Try it:
These records contain pictures, which must be left out; copy exactly the lines from the one with "The' Fighter Kite'" up to and including the one with "massa de baunilha".

Supplied data:
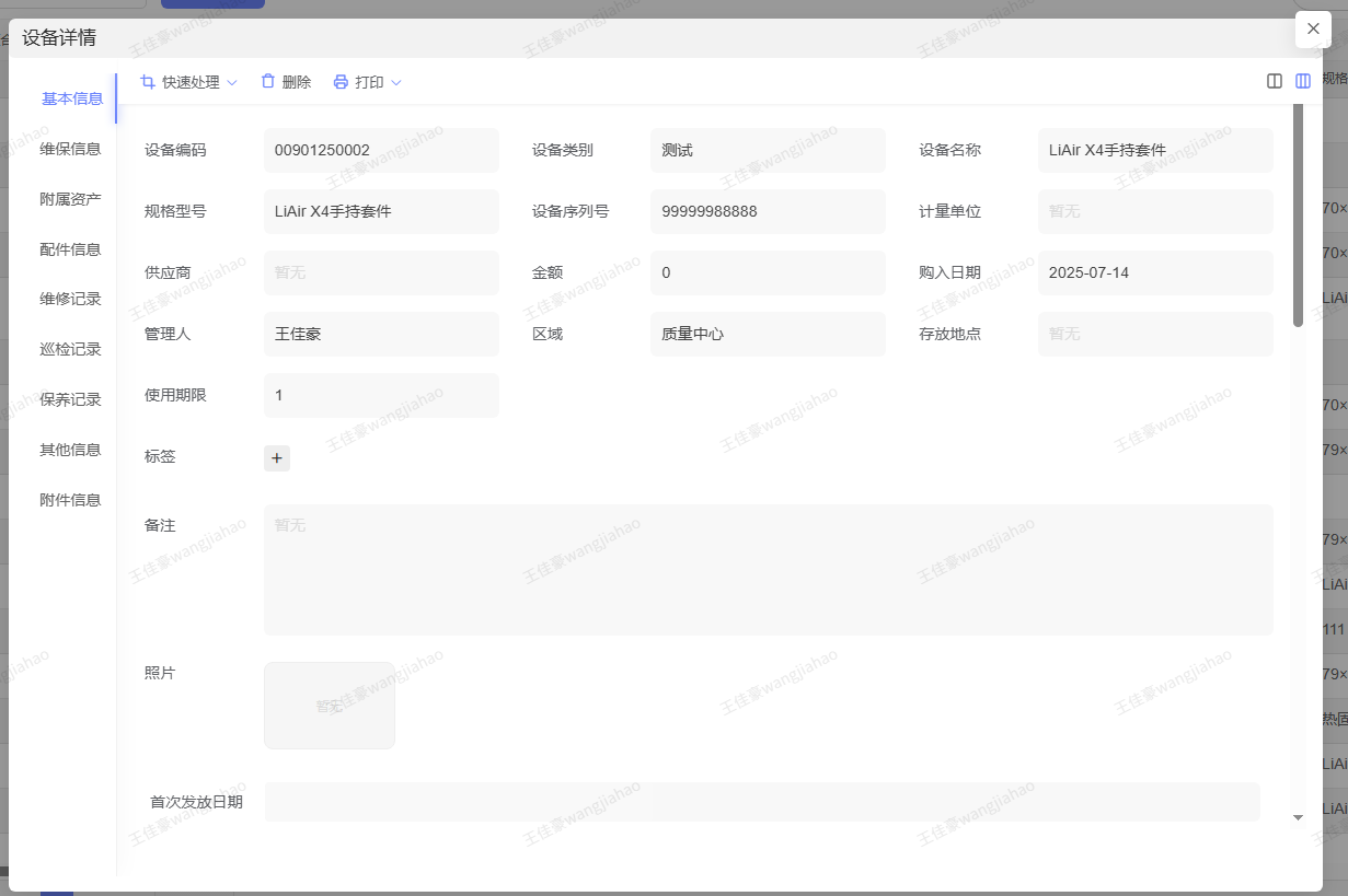 从设备采购申请开始,这张“身份证”就生效了:申购时填的型号、预算、用途,审批进度;入库时的验收信息、安装调试记录;使用中的责任人、领用调拨记录;维修时的故障情况、更换备件;直到最后报废处置的流程,所有信息都会自动归到这张“身份证”名下。不管是管理员用电脑查,还是员工用手机扫码看,10秒内就能获取设备的完整“履历”,彻底告别纸质档案和Excel的混乱。
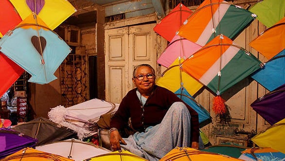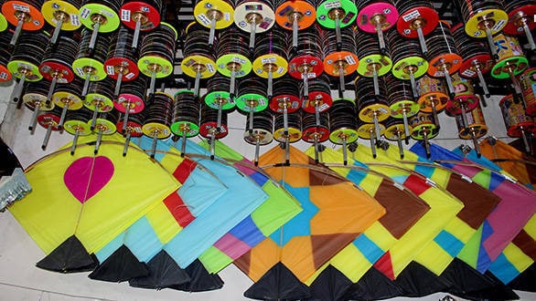 The' Fighter Kite' and the glass coated thread (manja) is unique to India
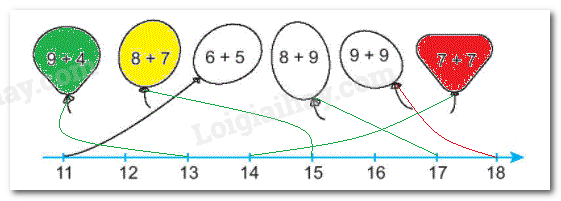- Tính nhẩm kết quả các phép cộng ghi trên mỗi quả bóng rồi nối với số tương ứng trên tia số.
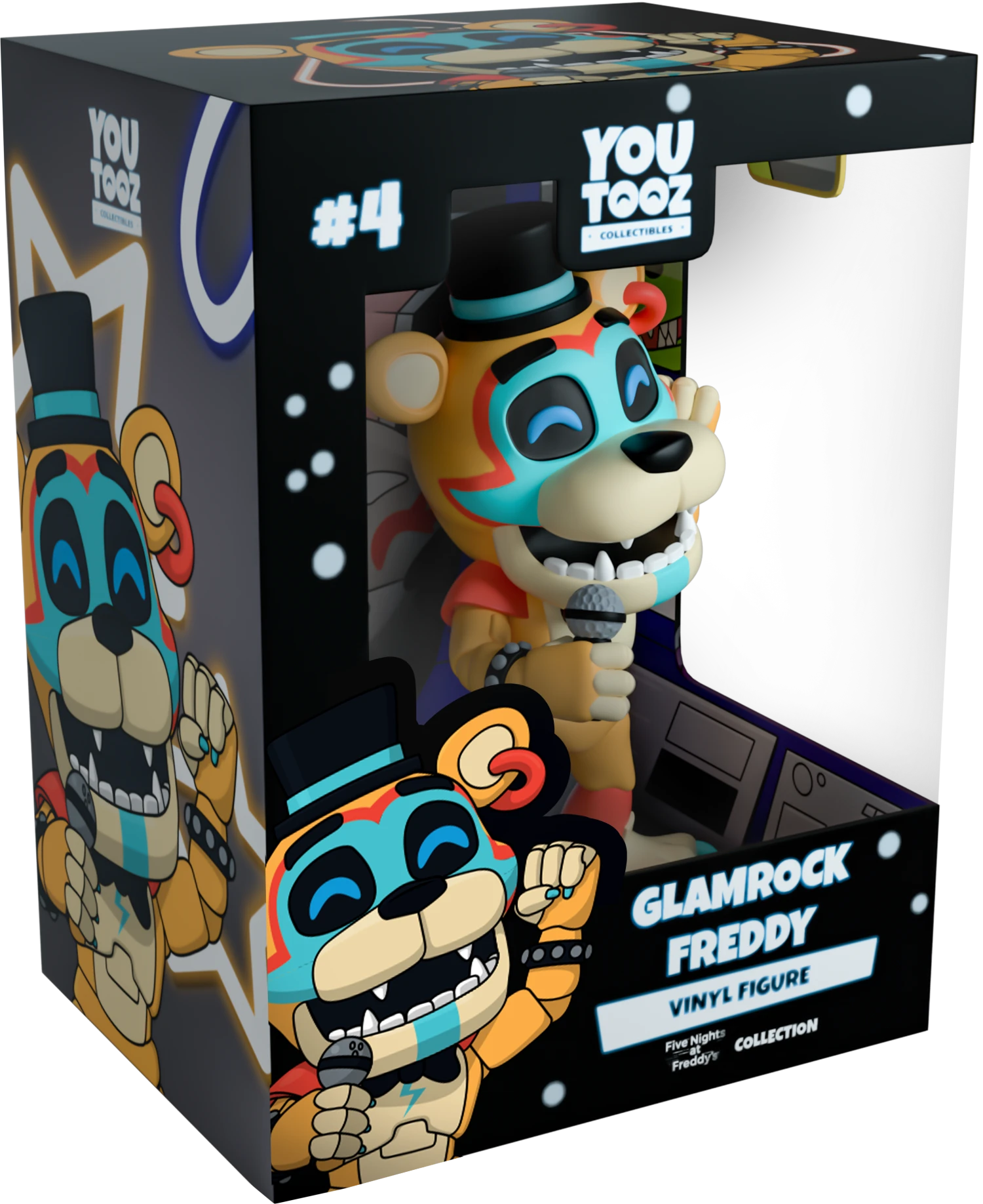 Glamrock Freddy stands at 4.7 inches tall showcasing a huge smile on his face. With a microphone in his right hand, he is singing his animatronic heart out. His left hand is stretched upwards in a closed fist position. He is seen wearing a black and blue top hat as well as a black bow tie with a blue lighting symbol across his chest plate. He is accessorized with black studded bracelets on both arms as well as an earring on his left ear. The exterior of his double-walled packaging shows the main lobby area of the Freddy Fazbears Mega Pizzaplex, with its checkered floors and a runway leading to the main concert stage. The interior shows a security monitor set up, showing Freddy, Chica, Monty and Roxy through the screens while Vanny stands behind the machine, watching. The protective sleeve shows Freddy, Chica, Monty, and Roxy playing their respective instruments in front of the Security Breach logo. This collectible ships in a matte, embossed, protective outer sleeve and a custom sized plastic protector for maximum protection during shipping.
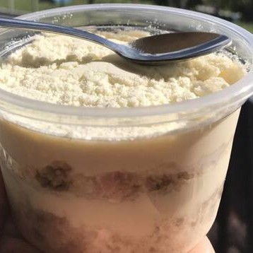 massa de baunilha com cobertura de ninho e leite polvilhado em cima.
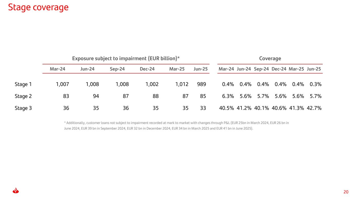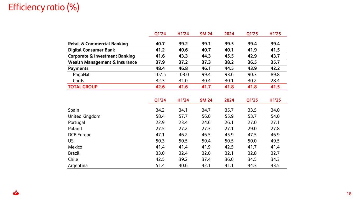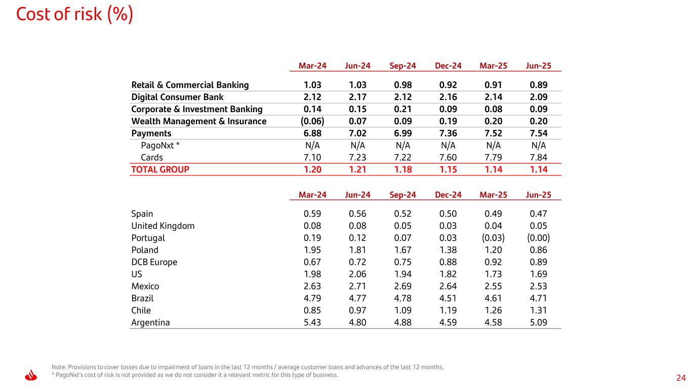 24 Cost of risk (%) Mar-24 Jun-24 Sep-24 Dec-24 Mar-25 Jun-25 Retail & Commercial Banking 1.03 1.03 0.98 0.92 0.91 0.89 Digital Consumer Bank 2.12 2.17 2.12 2.16 2.14 2.09 Corporate & Investment Banking 0.14 0.15 0.21 0.09 0.08 0.09 Wealth Management & Insurance (0.06) 0.07 0.09 0.19 0.20 0.20 Payments 6.88 7.02 6.99 7.36 7.52 7.54 PagoNxt * N/A N/A N/A N/A N/A N/A Cards 7.10 7.23 7.22 7.60 7.79 7.84 TOTAL GROUP 1.20 1.21 1.18 1.15 1.14 1.14 Mar-24 Jun-24 Sep-24 Dec-24 Mar-25 Jun-25 Spain 0.59 0.56 0.52 0.50 0.49 0.47 United Kingdom 0.08 0.08 0.05 0.03 0.04 0.05 Portugal 0.19 0.12 0.07 0.03 (0.03) (0.00) Poland 1.95 1.81 1.67 1.38 1.20 0.86 DCB Europe 0.67 0.72 0.75 0.88 0.92 0.89 US 1.98 2.06 1.94 1.82 1.73 1.69 Mexico 2.63 2.71 2.69 2.64 2.55 2.53 Brazil 4.79 4.77 4.78 4.51 4.61 4.71 Chile 0.85 0.97 1.09 1.19 1.26 1.31 Argentina 5.43 4.80 4.88 4.59 4.58 5.09 Note: Provisions to cover losses due to impairment of loans in the last 12 months / average customer loans and advances of the last 12 months. * PagoNxt’s cost of risk is not provided as we do not consider it a relevant metric for this type of business.
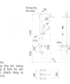 - Áp lực nước: 0.15 MPa ~ 0.75 MPa
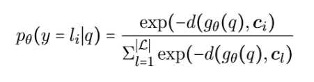 我们认为C1 ( 见上图 ) 是对应的类的中心点,同样C2,C3也是各自对应的类的中心点。当一个新的Query来了之后,我们会对新的Query也进行建模,得到一个表达X,当前的X跟已有类别的distance,可以通过下面的方式,进行衡量:
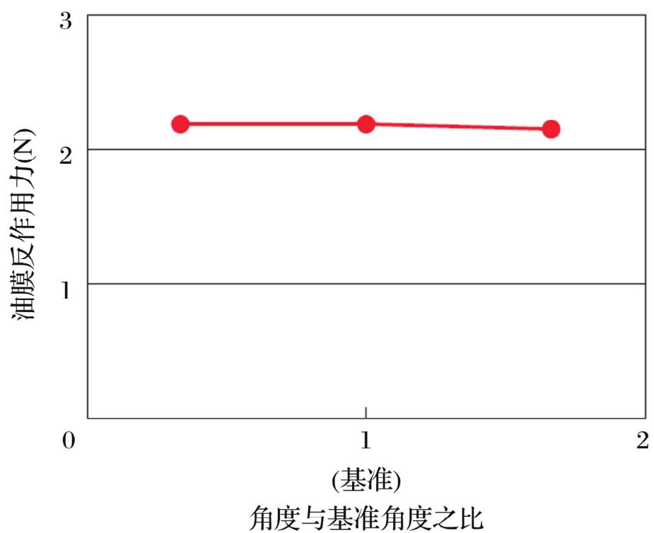 摩擦力矩測量結(jié)果和滑動(dòng)表面的油膜壓力分布顯示,出現(xiàn)在V形潤滑槽端部的力與由于油膜壓力(油膜反作用力)導(dǎo)致摩擦力矩降低的力方向相反。油膜反作用力越大,摩擦力矩越低。因此,可認(rèn)為V形潤滑槽數(shù)量越多,寬度越寬,油膜反作用力越大。流體分析證實(shí)了這點(diǎn)。
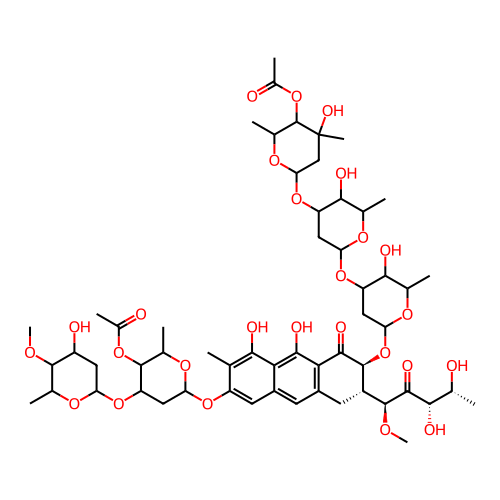 | SMILES | CC1C(C(CC(O1)O[C@H]2[C@@H](CC3=C(C2=O)C(=C4C(=C3)C=C(C(=C4O)C)OC5CC(C(C(O5)C)OC(=O)C)OC6CC(C(C(O6)C)OC)O)O)[C@@H](C(=O)[C@H]([C@@H](C)O)O)OC)OC7CC(C(C(O7)C)O)OC8CC(C(C(O8)C)OC(=O)C)(C)O)O |
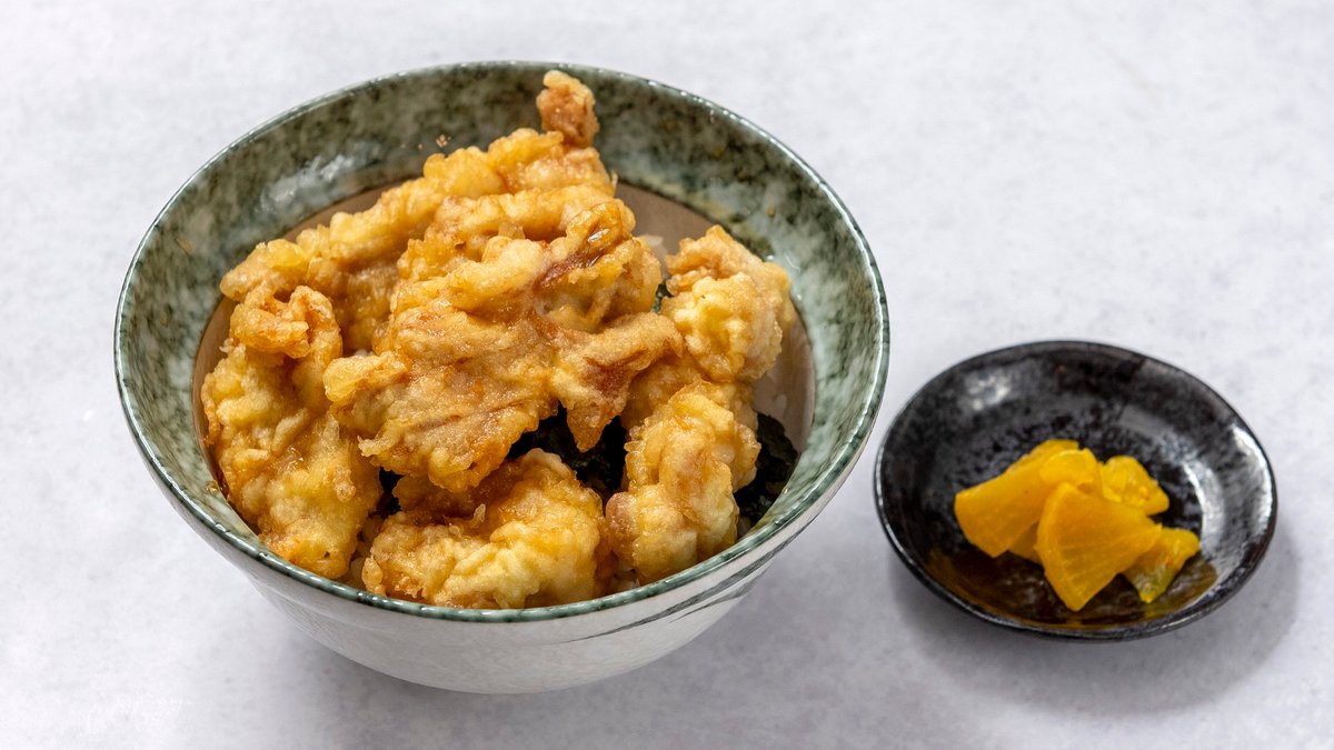 柔らかな鶏肉を天ぷらにし、特製の甘辛いタレとご飯にのせた一品です。ボリューム満点でおすすめです。
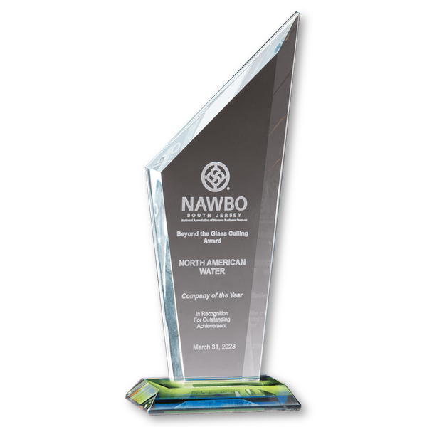 Clear 3/8" thick beveled optical quality glass mounted on a unique prism base. Prices include your etched message of appreciation and logo.
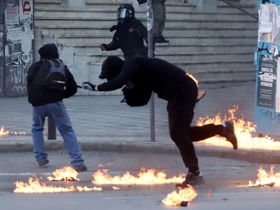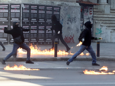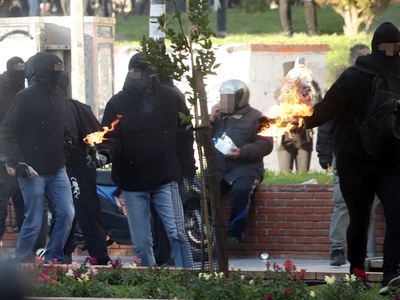 Πεδίο μάχης η Θεσσαλονίκη στην περιοχή της Καμάρας. Αντιεξουσιαστές που διαμαρτύρονται για τον τερματισμό των καταλήψεων στο Αριστοτέλειο εκτοξεύουν βόμβες μολότοφ προς τις αστυνομικές δυνάμεις.
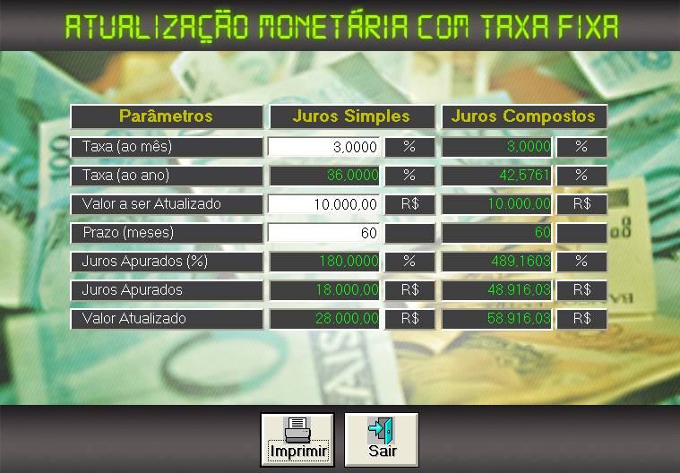 - Atualiza monetariamente valores, conforme taxa fixa informada
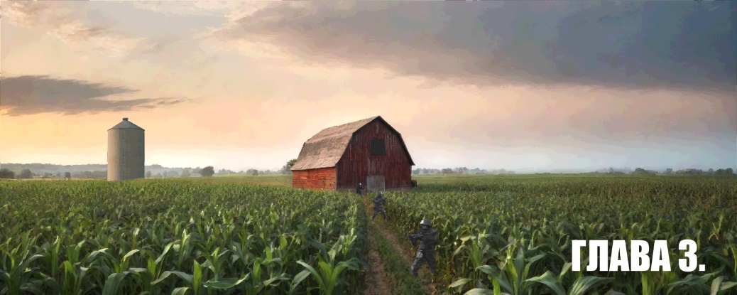 Как я уже сказала, сейчас мы на ферме. Помимо нас, здесь находится 24 человека. Эти люди не фермеры, как ты подумал, а правительственная охрана. Помимо них, в спокойное и дневное время здесь присутствует 14 актеров, как раз играющих роль фермеров для экскурсий. Сейчас эти 24 человека поставлены в боевую готовность впервые с начала существования фермы, а актеры отсутствуют в связи с беспорядками по всей Синтопии.
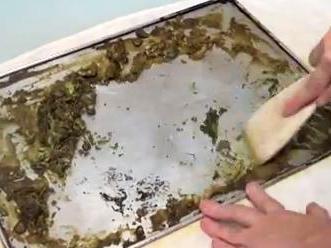 Agora, pegue em uma bandeja de forno, ou qualquer superfície plana e lisa que dê para ir ao forno e espalhe o purê de abacate. Você deve criar uma camada fina, por isso espalhe a pasta o mais que puder. Fazemos isto para facilitar a secagem do abacate e extrair depois seu óleo. Quanto mais fina for a camada, mais rápido secará. Você provavelmente precisará de outra bandeja porque uma não será suficiente para todo o purê.
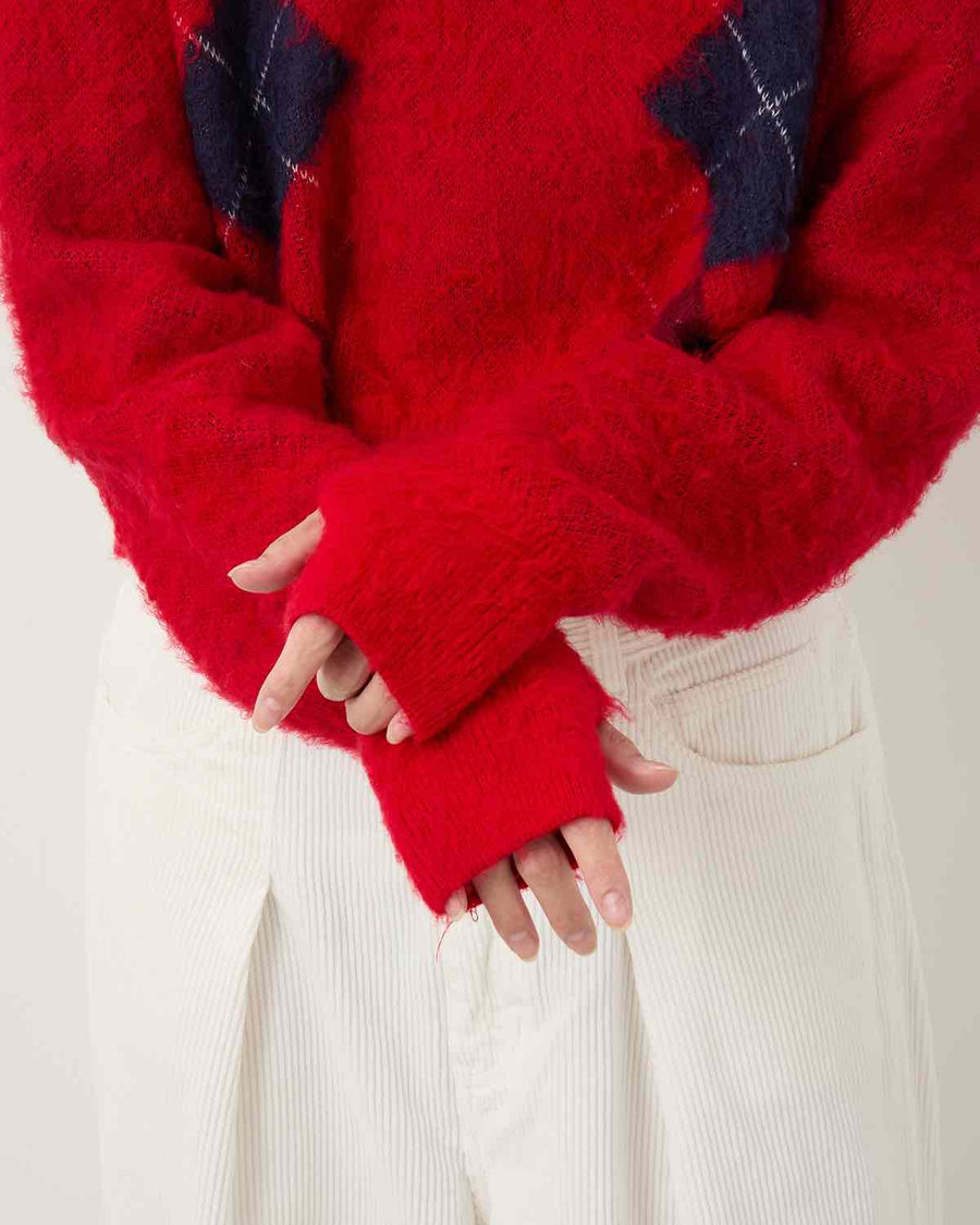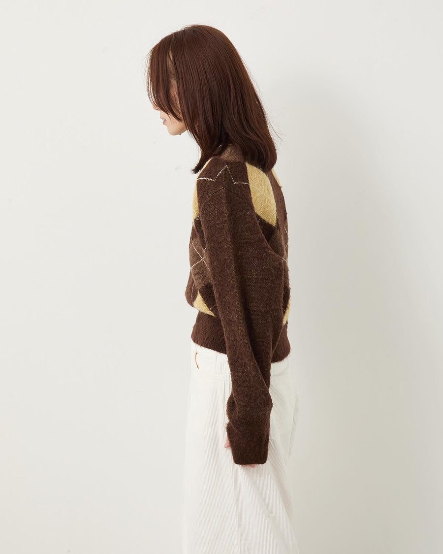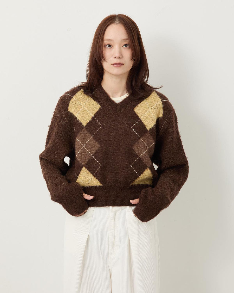 7G機械編みのダブルジャガード編みで、オリジナルのアーガイル柄を再現した、ショート丈のVネックニットです。

Output for this task:
 The' Fighter Kite' and the glass coated thread (manja) is unique to India
- Tính nhẩm kết quả các phép cộng ghi trên mỗi quả bóng rồi nối với số tương ứng trên tia số.
 Glamrock Freddy stands at 4.7 inches tall showcasing a huge smile on his face. With a microphone in his right hand, he is singing his animatronic heart out. His left hand is stretched upwards in a closed fist position. He is seen wearing a black and blue top hat as well as a black bow tie with a blue lighting symbol across his chest plate. He is accessorized with black studded bracelets on both arms as well as an earring on his left ear. The exterior of his double-walled packaging shows the main lobby area of the Freddy Fazbears Mega Pizzaplex, with its checkered floors and a runway leading to the main concert stage. The interior shows a security monitor set up, showing Freddy, Chica, Monty and Roxy through the screens while Vanny stands behind the machine, watching. The protective sleeve shows Freddy, Chica, Monty, and Roxy playing their respective instruments in front of the Security Breach logo. This collectible ships in a matte, embossed, protective outer sleeve and a custom sized plastic protector for maximum protection during shipping.
 massa de baunilha com cobertura de ninho e leite polvilhado em cima.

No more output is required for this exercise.